Orbene, è evidente che se si parla di società con mercato si riconosce esplicitamente non solo l'importanza del valore di scambio (altrimenti non ci sarebbe alcun mercato!) ma anche e soprattutto la complessità del rapporto tra società civile (o comunità) e lo Stato, in particolare per quanto concerne la funzione degli apparati di coercizione (polizia, magistratura, esercito, ecc.) e di quelli ideologici o che svolgono una funzione sociale e/o economica (sistema educativo, sanità, informazione, mondo del lavoro, territorio, settori  strategici, ecc.). 

Si tratta quindi di quelle "zone" in cui assume il massimo rilievo la distinzione tra valore d'uso e valore di scambio (la cui prevalenza si esprime soprattutto tramite la nota formula D-D1 - con il denaro si fa più denaro -, e che di fatto tende ad attribuire agli individui - ovverosia non solo al lavoro - la natura del denaro, degradandoli a mera merce).

Una società con mercato anziché di mercato è appunto una società in cui il mercato è comunque incastonato in un complesso ventaglio di istituzioni politiche, giuridiche, culturali, ecc., in quanto il mercato lo si considera "in funzione" dei bisogni primari e sociali degli individui e dell’intera comunità.

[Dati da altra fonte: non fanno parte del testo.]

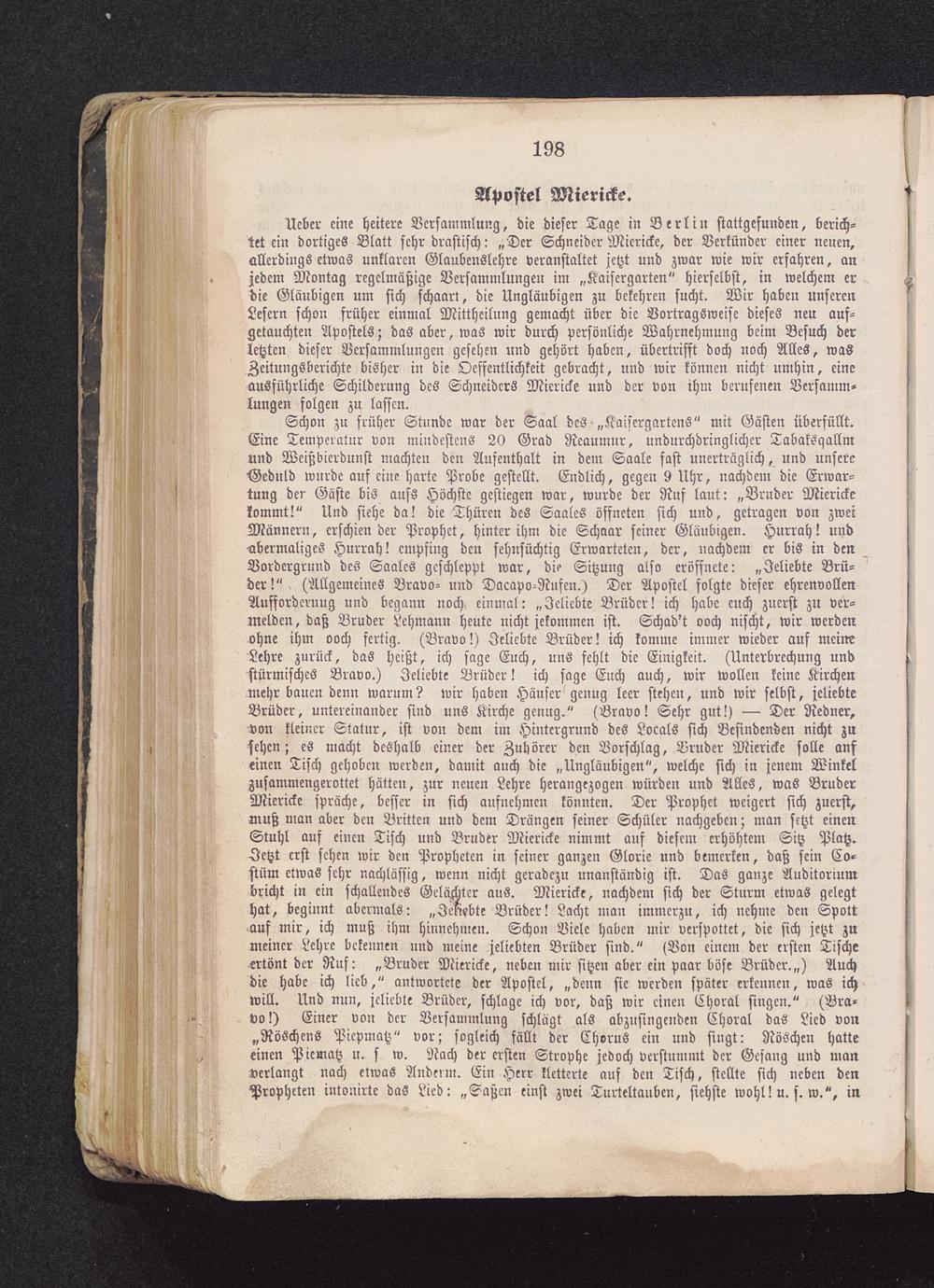 Schon zu früher Stunde war der Saal des „Kaisergartcns" mit Gästen überfüllt.Eine Temperatur von mindestens 20 Grad Rcaumur, undurchdringlicher Tabaksgallmund Weißbicrdunst machten den Aufenthalt in dem Saale fast unerträglich, und unsereGeduld wurde auf eine harte Probe gestellt. Endlich, gegen 9 Uhr, nachdem die Erwar-tung der Gaste bis anss Höchste gestiegen war, wurde der Ruf laut: „Bruder Mierickekommt!" Und siehe da! die Thüren des Saales öffneten sich und, getragen von zweiMännern, erschien der Prophet, hinter ihm die Schaar seiner Gläubigen. Hurrah! undabermaliges Hurrah! empfing den sehnsüchtig Erwarteten, der, nachdem er bis in denVordergrund des Saales geschleppt war, die Sitzung also eröffnete: „Jeliebte Brü-der!" (Allgemeines Bravo- und Dacapo-Nufen.) Der Apostel folgte dieser ehrenvollenAufforderung und begann noch einmal: „Jeliebte Brüdcr! ich habe euch zuerst zu ver-melden, daß Bruder Lehmann heute nicht jekommen ist. Schad't ooch nischt, wir werdenohne ihm ooch fertig. (Bravo !) Jeliebte Brüdcr! ich komme immer wieder auf meineLehre zurück, das heißt, ich sage Euch, uns fehlt die Einigkeit. (Unterbrechung undstürmisches Bravo.) Jeliebte Brüder! ich sage Euch auch, wir wollen keine Kirchenmehr bauen denn warum? wir haben Häuser genug leer stehen, und wir selbst, jeliebteBrüdcr, untereinander sind uns Kirche genug." (Bravo ! Sehr gut!) — Der Redner,von kleiner Statur, ist von dem im Hintergrund des Locals sich Befindenden nicht zusehen; es macht deshalb einer der Zuhörer den Vorschlag, Bruder Miericke solle auf«inen Tisch gehoben werden, damit auch die „Ungläubigen", welche sich in jenem Winkelzusammengerottet hätten, zur neuen Lehre herangezogen würden und Alles, was BruderMiericke spräche, besser in sich aufnehmen könnten. Der Prophet weigert sich zuerst,muß man aber den Brüten und dem Drängen seiner Schüler nachgeben; man setzt einenStuhl auf einen Tisch und Bruder Miericke nimmt auf diesem erhöhtem Sitz Platz.Jetzt erst sehen wir den Propheten in seiner ganzen Glorie und bemerken, daß sein Co-stüm etwas sehr nachlässig, wenn nicht geradezu unanständig ist. Das ganze Auditoriumbricht in ein schallendes Gelächter aus. Miericke, nachdem sich der Sturm etwas gelegthat, beginnt abermals: „Jeliebte Brüdcr! Lacht man immerzu, ich nehme den Spottauf mir, ich muß ihm hinnehmen. Schon Viele haben mir verspottet, die sich jetzt zumeiner Lehre bekennen und meine jeliebten Brüder sind." (Bon einem der ersten Tischeertönt der Ruf: „Bruder Miericke, neben mir sitzen aber ein paar böse Brüdcr.,,) Auchdie habe ich lieb," antwortete der Apostel, „denn sie werden später erkennen, was ichwill. Und nun, jeliebte Brüder, schlage ich vor, daß wir einen Ehoral singen." (Bra-vo !) Einer von der Versammlung schlügt als abzusingenden Ehoral das Lied von„Röschens Piepmatz" vor; sogleich fällt der Chorus ein und singt: Röschen hatteeinen Piematz u. s w. Nach der ersten Strophe jedoch verstummt der Gesang und manverlangt nach etwas Anbei in. Ein Herr kletterte auf den Tisch, stellte sich neben denPropheten intonirte das Lied: „Saßen einst zwei Turteltauben, siehste wohl! u. s. w.", in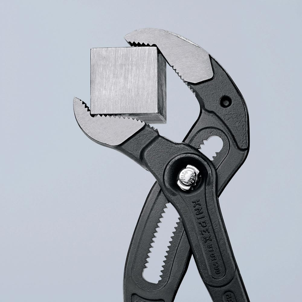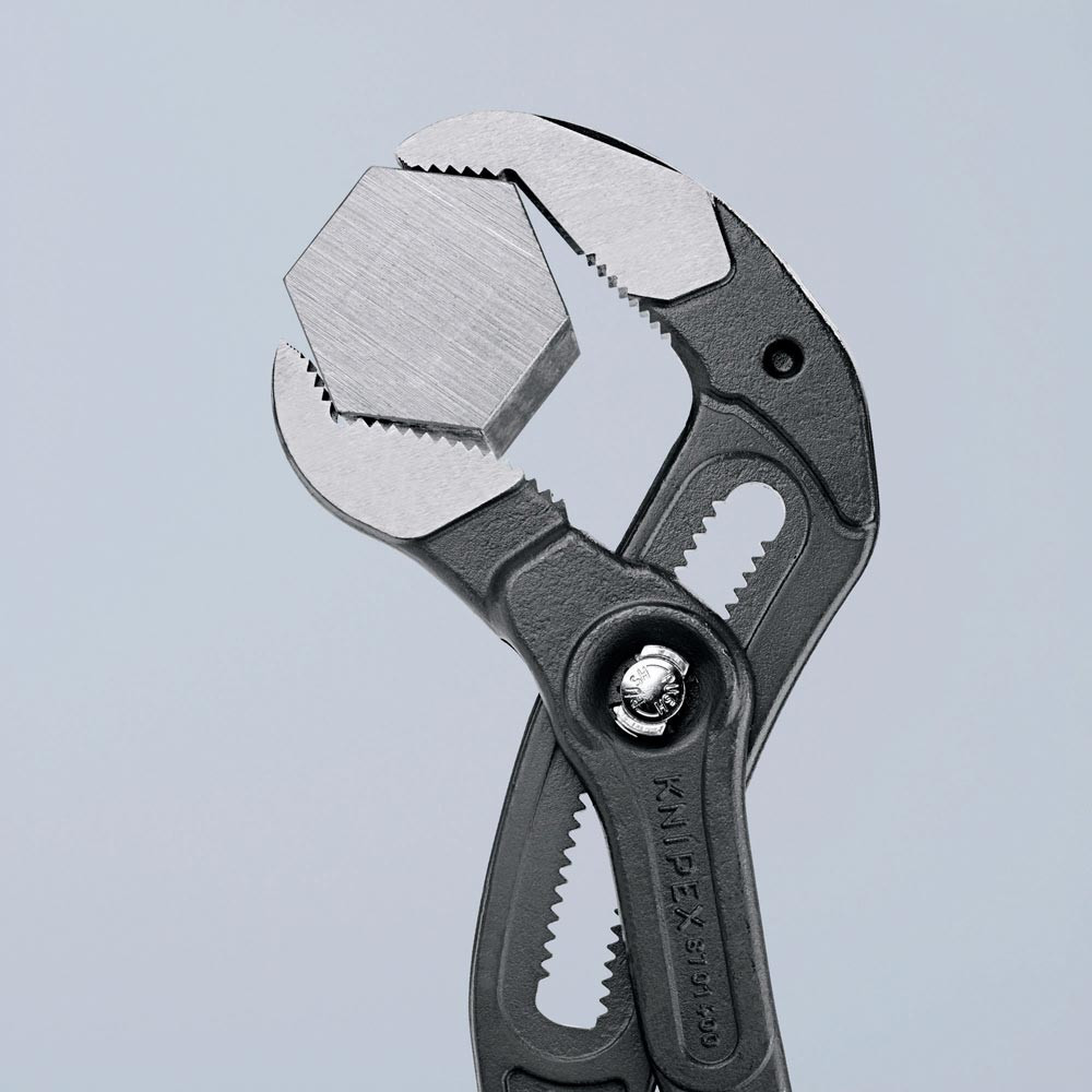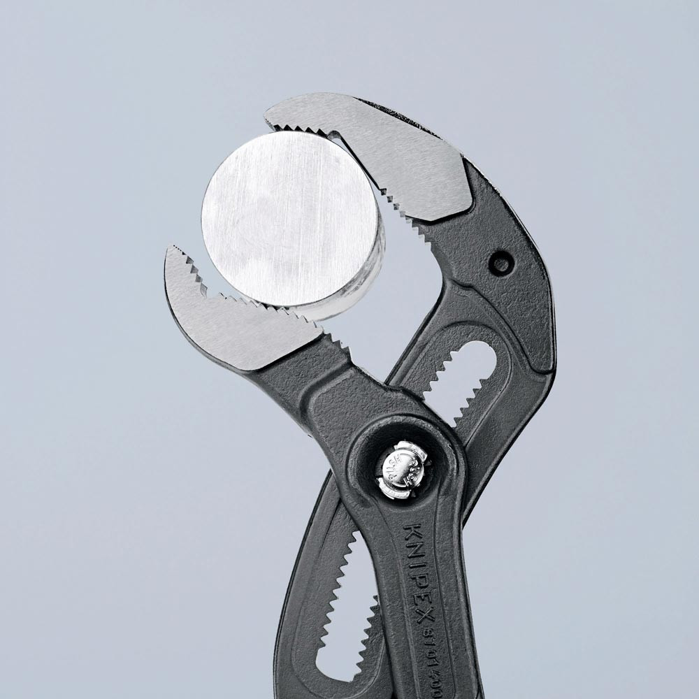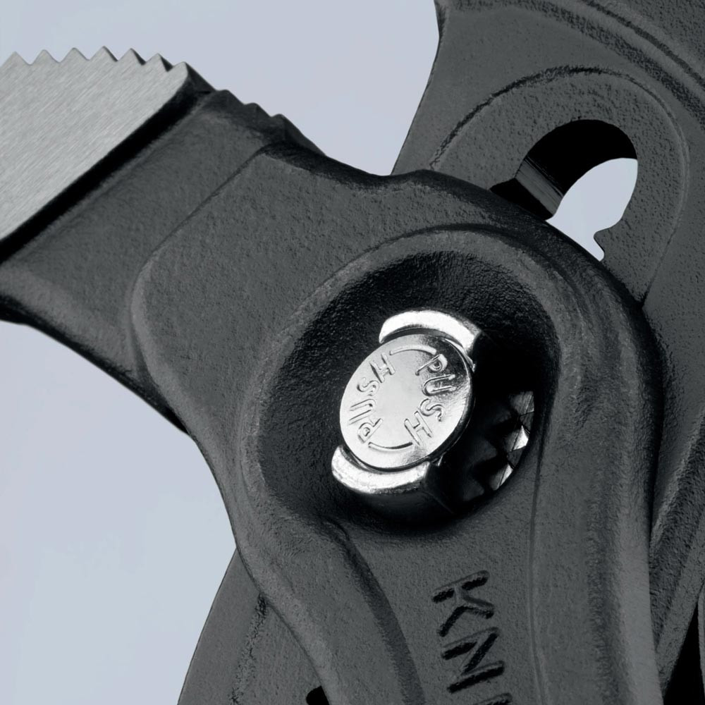 selbstklemmend an Rohren und Muttern · durchgestecktes Gelenk für hohe Stabilität durch doppelte Führung · Einstellung per Knopfdruck direkt am Werkstück · Greifflächen mit spezialgehärteten Zähnen, Härte der Zähne ca. 61 HRC · Klemmschutz · Chrom-Vanadin-Elektrostahl, geschmiedet, mehrstufig ölgehärtet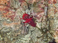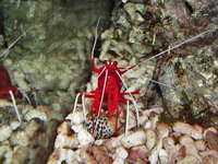 | Огненная креветка чистильщик в природе встречается на коралловых рифах в тропической зоне Тихого океана. |

Certo riconoscere questo solleva a sua volta molti altri (difficili) problemi che concernono non solo la forma politica dello Stato e il suo ruolo per quanto riguarda la direzione politico-strategica della società (mercato incluso) ma anche la questione della libertà o del pluralismo e pure quella del rapporto tra bisogni primari (nutrirsi, vestirsi, curarsi ecc.) e bisogni sociali, giacché gli stessi bisogni primari di fatto variano e si possono soddisfare in modo diverso a seconda della differente struttura sociale e culturale nonché dello stesso sviluppo delle forze produttive (e quindi si deve pure tenere conto di come "funziona" il mercato).  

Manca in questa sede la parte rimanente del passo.